Barbital (as known in the United States) or barbitone (as known elsewhere), marketed under the brand names Veronal for the pure acid and Medinal for the sodium salt, was the first commercially available barbiturate. It was used as a sleeping aid (hypnotic) from 1903 until the mid-1950s. The chemical names for barbitone are diethylmalonyl urea or diethylbarbituric acid; hence, the sodium salt (known as medinal, a genericised trademark in the United Kingdom) is known also as sodium diethylbarbiturate.

Barbitone was first synthesized in 1902 by German chemists Emil Fischer and Joseph von Mering, who published their discovery in 1903. Barbitone was prepared by condensing diethylmalonic ester with urea in the presence of sodium ethoxide, and then by adding at least two molar equivalents of ethyl iodide to the silver salt of malonylurea or possibly to a basic solution of the acid. The result was an odorless, slightly bitter, white crystalline powder.

Barbitone can also be synthesized in a condensation reaction from urea and diethyl-2,2-diethylmalonate, a diethyl malonate derivative:

Barbitone was marketed in 1904 by the Bayer company as “Veronal”. A soluble salt of barbitone was marketed by the Schering company as “Medinal.” It was dispensed for “insomnia induced by nervous excitability”. It was provided in either capsules or cachets.
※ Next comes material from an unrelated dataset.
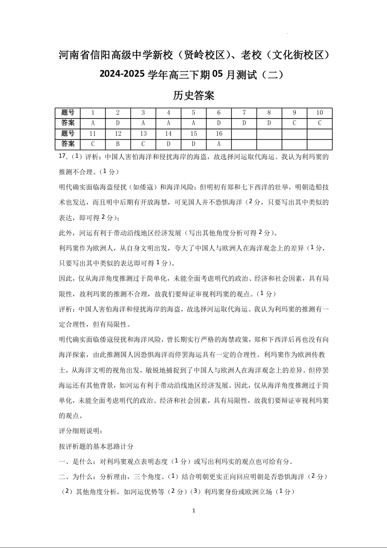 河南省信阳高级中学2025届高三下学期5月测试(二)历史答案.docx

The therapeutic dose was ten to fifteen grains (0.65-0.97 grams). 3.5 to 4.4 grams is the deadly dose but sleep has also been prolonged up to ten days with recovery.

Barbitone was considered to be a great improvement over the existing hypnotics. Its taste was slightly bitter, but better than the strong, unpleasant taste of the commonly used bromides. It had few side effects, and its therapeutic dose was far below the toxic dose. However, prolonged usage resulted in tolerance to the drug, requiring higher doses to reach the desired effect. "I'm literally saturated with it," the Russian tsarina Alexandra Feodeorovna confessed to a friend. Fatal overdoses of this slow-acting hypnotic were not uncommon. Pioneering aviator Arthur Whitten Brown (of "Alcock and Brown" fame) died of an accidental overdose. Japanese writer Ryūnosuke Akutagawa deliberately overdosed on the drug in 1927.